The Santa Fe Ski Basin remains unscathed by a massive wildfire burning in the Pecos Wilderness about two miles north of the New Mexico ski area. The Pacheco Fire, which began around 1 p.m. on June 18, 2011, has scorched more than 4,000 acres of forest in just three days. Whipped by steady winds and feeding on drought-stricken ponderosa pine and conifer, the blaze has resulted in crowning on several occasions, igniting treetops in fiery plumes that can be seen from the city of Santa Fe.
Despite the pressure on fire suppression resources in the Southwest, with several fires burning in Arizona, Texas, New Mexico, Oklahoma and Georgia, nearly 500 firefighters have been deployed to fight the Pacheco Fire. Air tankers and helicopters have also been made available, but have often been grounded because of the winds. The fire has continued north, away from the ski area, and has not destroyed any structures yet. At press time it remained 0 percent contained.

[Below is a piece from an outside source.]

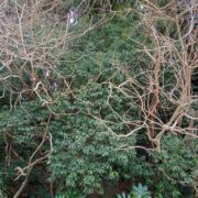 葉が付くくきや若い枝は赤みがあります。 老木になると樹皮は縦長にさけて、 はがれることもあります。

A-Basin to stay open through July 4th weekend
Talk about fire and ice; Arapahoe Basin will keep the lifts turning for the July 4 weekend. The ski area announced the decision on Sunday, June 19, and was hit with six inches of fresh powder the next morning. The area presently has a base of 52-inches, with two lifts serving 21 trails. This will be the first time “The Basin” has stayed open through July 4 since 1997
Bachelor also offers 4th of July turns
Mt. Bachelor has also announced it will open for skiing and snowboarding Saturday, July 2 through Monday, July 4, with intermediate and advanced skiing from the summit of the mountain. Regular summer operations will begin as planned on Friday, July 1st. After a record-breaking snowfall season of 665-inches, upper elevations retain a deep snowpack, according to Marketing Director Andy Goggins. He added that the first 250 skiers and snowboarders purchasing tickets each day will receive a commemorative a 4th of July t-shirt celebrating the occasion.
Lutsen already drinking more than its fair share
Seems Minnesota’s Lutsen Mountain ski resort has been exceeding its water allotment for the past decade. The area recently made news after environmentalists and fly-fishermen reacted angrily to Gov. Mark Dayton’s signing of a law to allow the area to pull more water from the Poplar River. Opponents are concerned the reduced river depth will result in the river’s fish population freezing in the winter. But The Greenwich Time reported that State officials have admitted to allowing the area to violate its existing permits for years. The paper reports that Department of Natural Resources staff said the area’s economic significance was a factor in no citations being issued for the violations.
In other news…
The Lands Council environmental group is challenging the Washington State Park and Recreation Commission’s decision to reclassify part of Mount Spokane State Park’s undeveloped terrain as suitable for a ski area expansion…A thick blanket of ash left on Argentina’s ski slopes from the eruption of a volcano could devastate the ski season according to reports from South America…France's state development bank has signed a deal to help Russia develop the North Caucasus region into a ski haven. This despite the Islamist insurgency in the area which resulted in three ski tourists being murdered in February…And mild temperatures in New Zealand have pushed back the opening of ski as Turoa, Whakapapa and Mt. Ruapehu until July 1 at the earliest.